A few years back I had to deliver this task for a European project (the THERMOSS project). THERMOSS was a H2020 project that aimed at facilitating the adoption of District Heating and Cooling
In this project, the first stage was to create geoclusters for district heating and cooling catalogue. Those geoclusters would have similar characteristics
At the time, I did not know python so much and used MATLAB for such task. If the result were satisfaying at the time, I now want to reproduce it using python and some well-known GIS packages.
So lets get to it...
1. the data¶
The table below gives the list of features that have been used to create the geoclusters. Those are believed to be the most influential parameters for heating and cooling loads.
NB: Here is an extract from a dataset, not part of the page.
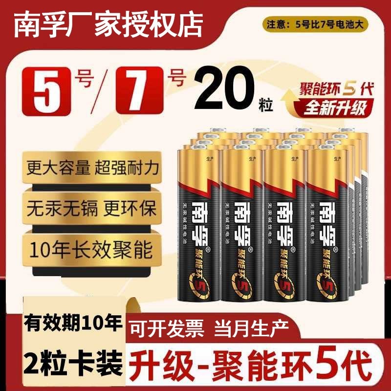南孚5号电池7号儿童玩具电池遥控器鼠标1.5V碱性干性电池聚能环5代AAA五号电池正品南孚官方旗舰店七号电池

Note: Environmental conditions taken from NetCDF
Parameter | Source |
---|---|
Environmental conditions | |
Cold season mean temperature | |
Cold season mean temperature | |
Building typology | |
Residential building energy use | |
Non-residential building energy use | |
Single family unit U-value | http://webtool.building-typology.eu/#bm |
Multiple family unit U-value | http://webtool.building-typology.eu/#bm |
Single family unit floor area | http://webtool.building-typology.eu/#bm |
Multiple family unit floor area | http://webtool.building-typology.eu/#bm |
Building stock | |
Residential building stock | |
Single family stock | |
Economic considerations | |
Energy use | |
Gas prices for domestic consumers | |
Gas prices for industrial consumers | |
Electricity prices for domestic consumers | |
Electricity prices for industrial consumers | |
Share of renewable energy in gross final energy consumption |
For the building typology and stock, some manual work was needed in excel to produce a neat table with only the required information.
Thanks, eurostat provided some nice tables, ready to use. See the example below for renewable energy share.
import requests
import pandas as pd
import io
url = "https://ec.europa.eu/eurostat/api/dissemination/sdmx/2.1/data/T2020_RD330/?format=CSV"
urlData = requests.get(url).content
renew_df = pd.read_csv(io.StringIO(urlData.decode('utf-8')))
renew_df.iloc[:,0] = renew_df.iloc[:,0].apply(lambda x: x.split(';')[-1])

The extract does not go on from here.